→ Records for the task:
★ ★ ★
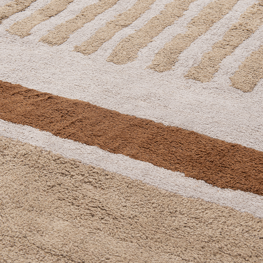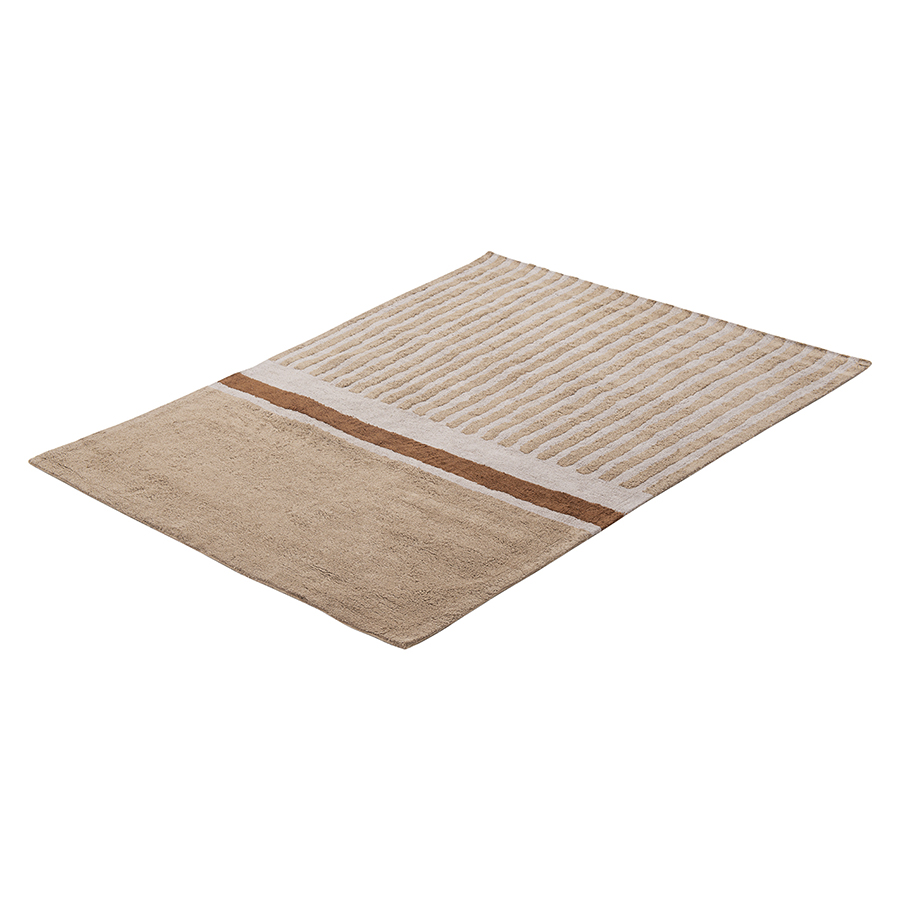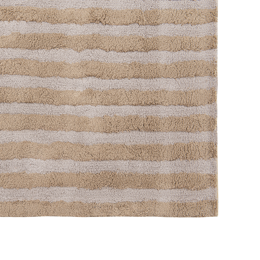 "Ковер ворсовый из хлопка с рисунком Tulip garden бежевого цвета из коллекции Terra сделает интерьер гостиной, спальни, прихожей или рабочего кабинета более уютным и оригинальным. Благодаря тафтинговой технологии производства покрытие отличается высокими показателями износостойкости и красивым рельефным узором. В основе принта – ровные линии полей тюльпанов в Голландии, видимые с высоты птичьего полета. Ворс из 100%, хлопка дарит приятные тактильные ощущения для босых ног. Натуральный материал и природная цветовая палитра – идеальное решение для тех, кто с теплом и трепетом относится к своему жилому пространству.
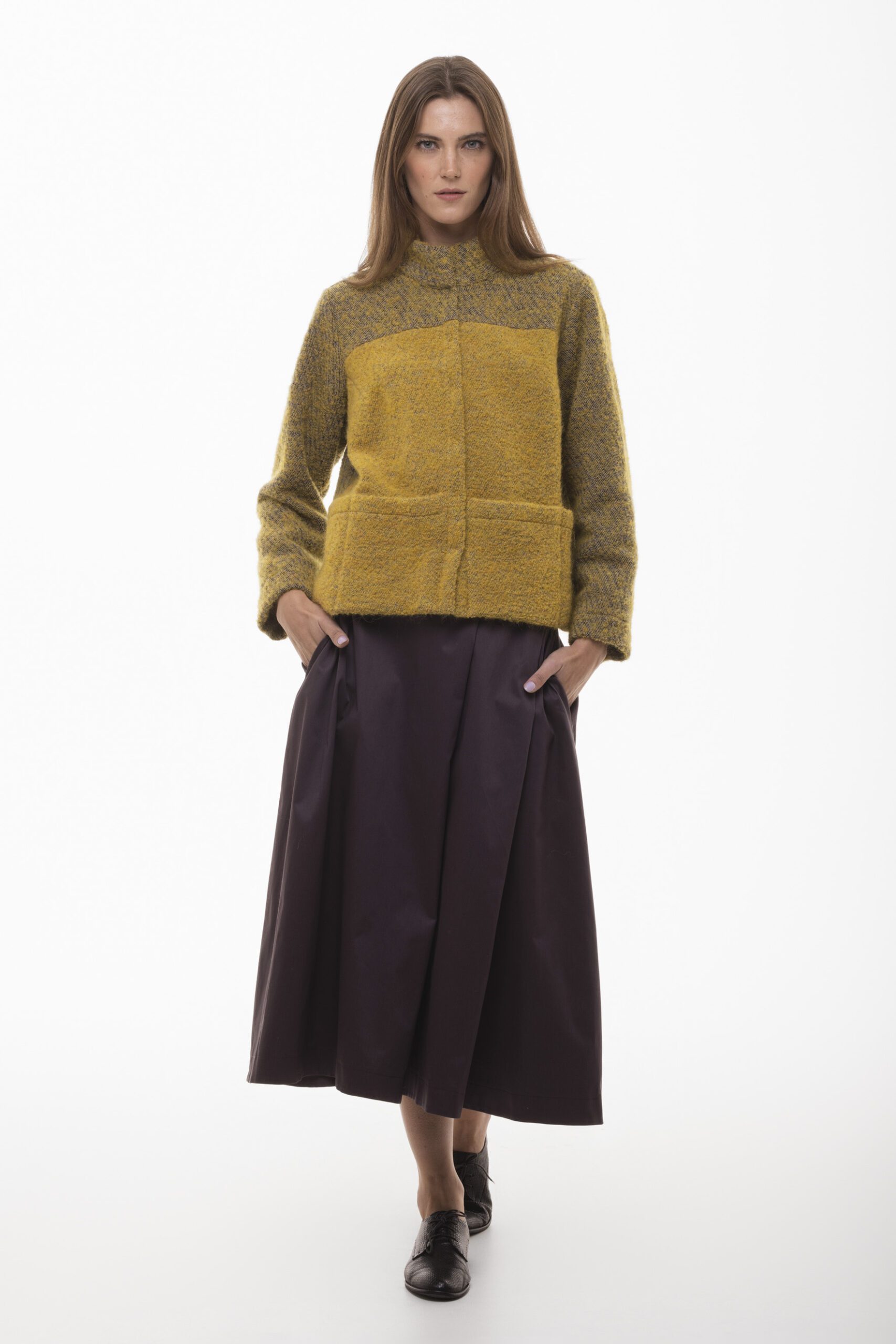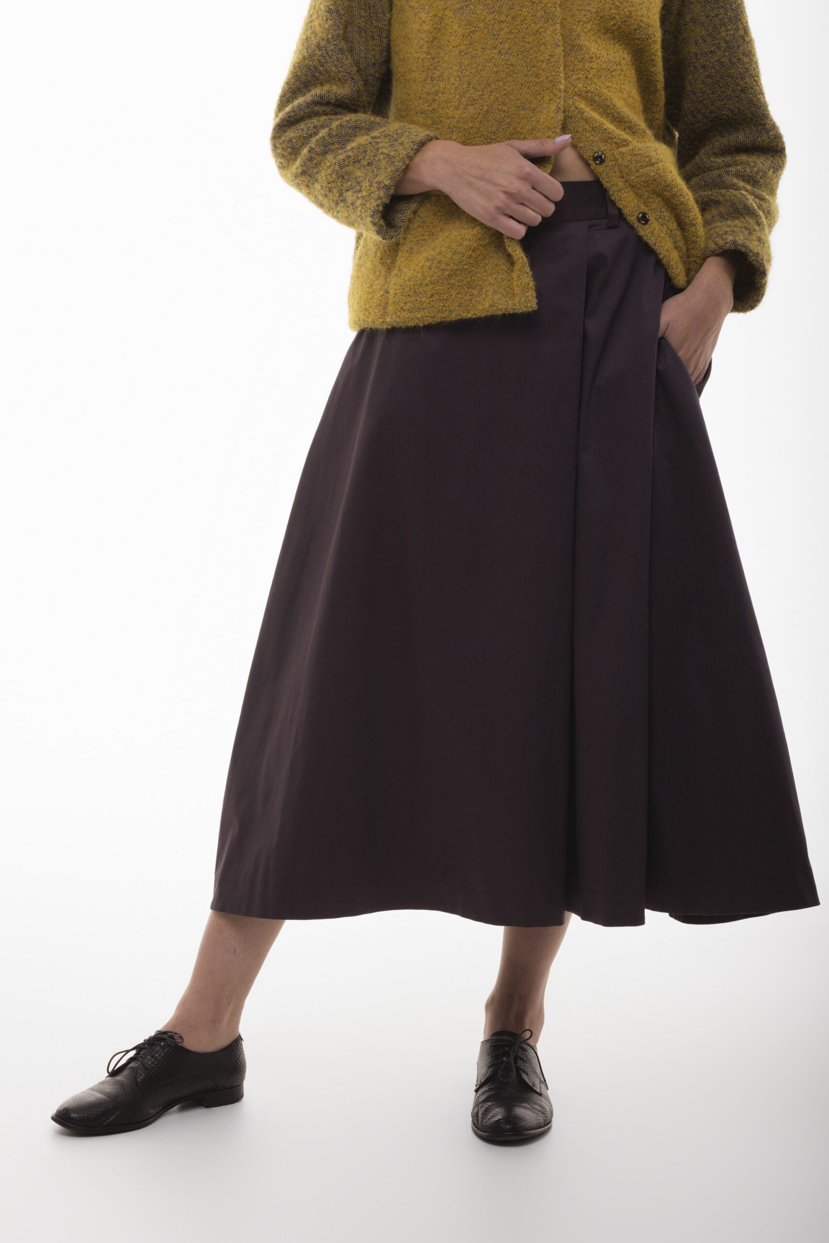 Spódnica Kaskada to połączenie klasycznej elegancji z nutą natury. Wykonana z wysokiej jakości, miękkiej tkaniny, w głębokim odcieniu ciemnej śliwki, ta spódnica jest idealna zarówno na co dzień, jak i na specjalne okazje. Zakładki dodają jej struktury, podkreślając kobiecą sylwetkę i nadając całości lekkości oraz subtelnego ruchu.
★ ★ ★
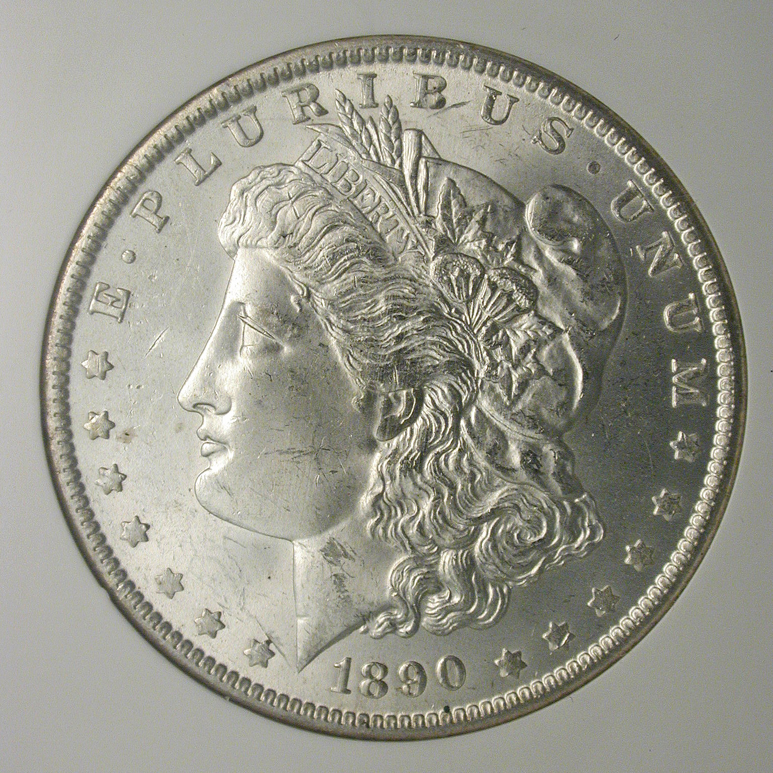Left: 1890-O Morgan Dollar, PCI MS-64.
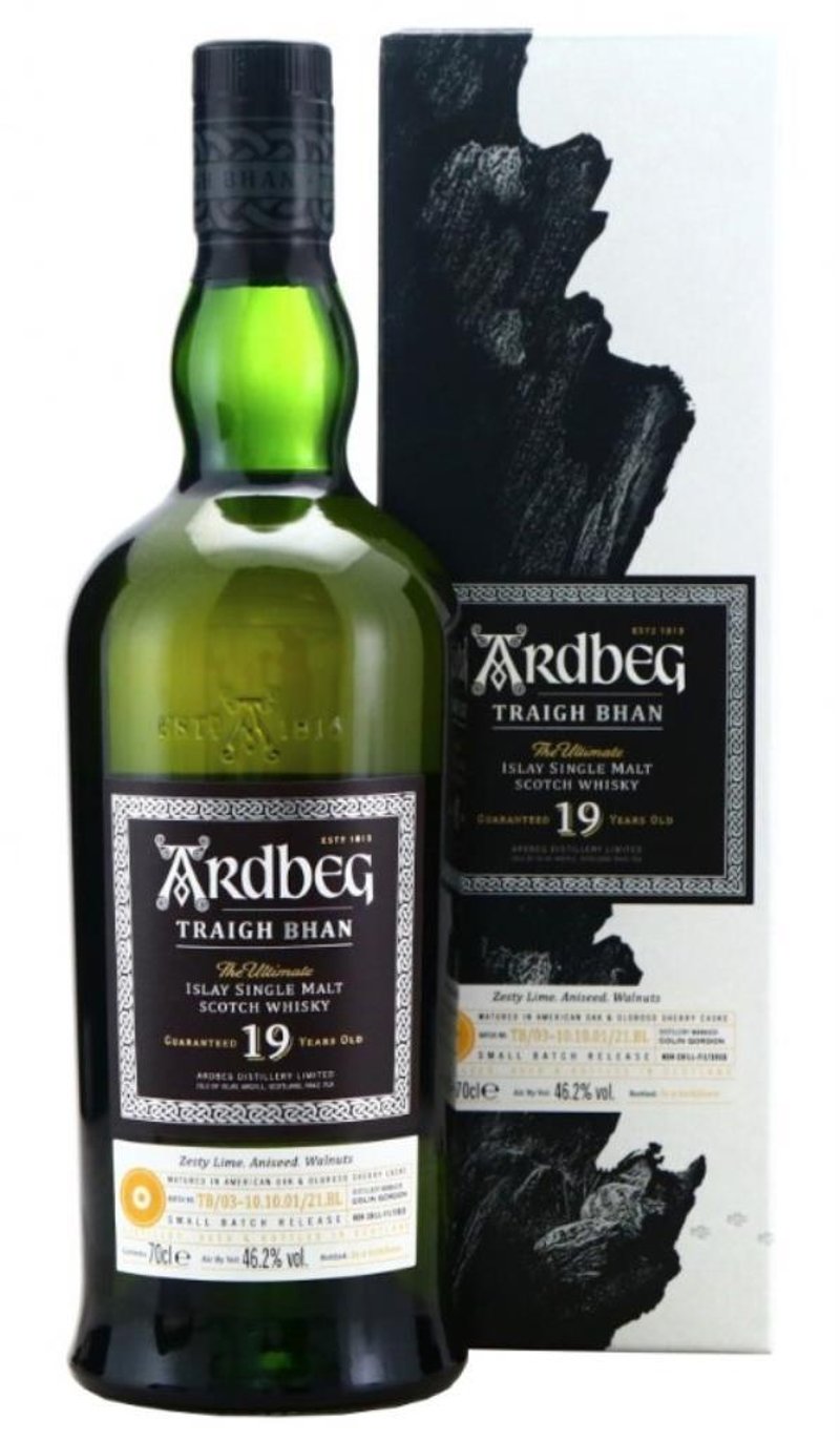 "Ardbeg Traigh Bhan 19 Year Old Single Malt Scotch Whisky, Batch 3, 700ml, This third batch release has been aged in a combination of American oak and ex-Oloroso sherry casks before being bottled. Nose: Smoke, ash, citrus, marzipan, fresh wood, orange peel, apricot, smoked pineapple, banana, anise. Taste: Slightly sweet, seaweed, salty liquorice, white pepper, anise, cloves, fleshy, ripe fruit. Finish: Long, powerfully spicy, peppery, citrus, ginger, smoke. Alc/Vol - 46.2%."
★ ★ ★
→ Task directions: Would you copy out, exactly and with no pictures, only the lines above from the one that contains "Left: 1890-O Morgan Dollar, PCI MS-64." through the one that contains "Traigh Bhan 19"?

→ Result:
Left: 1890-O Morgan Dollar, PCI MS-64.
 "Ardbeg Traigh Bhan 19 Year Old Single Malt Scotch Whisky, Batch 3, 700ml, This third batch release has been aged in a combination of American oak and ex-Oloroso sherry casks before being bottled. Nose: Smoke, ash, citrus, marzipan, fresh wood, orange peel, apricot, smoked pineapple, banana, anise. Taste: Slightly sweet, seaweed, salty liquorice, white pepper, anise, cloves, fleshy, ripe fruit. Finish: Long, powerfully spicy, peppery, citrus, ginger, smoke. Alc/Vol - 46.2%."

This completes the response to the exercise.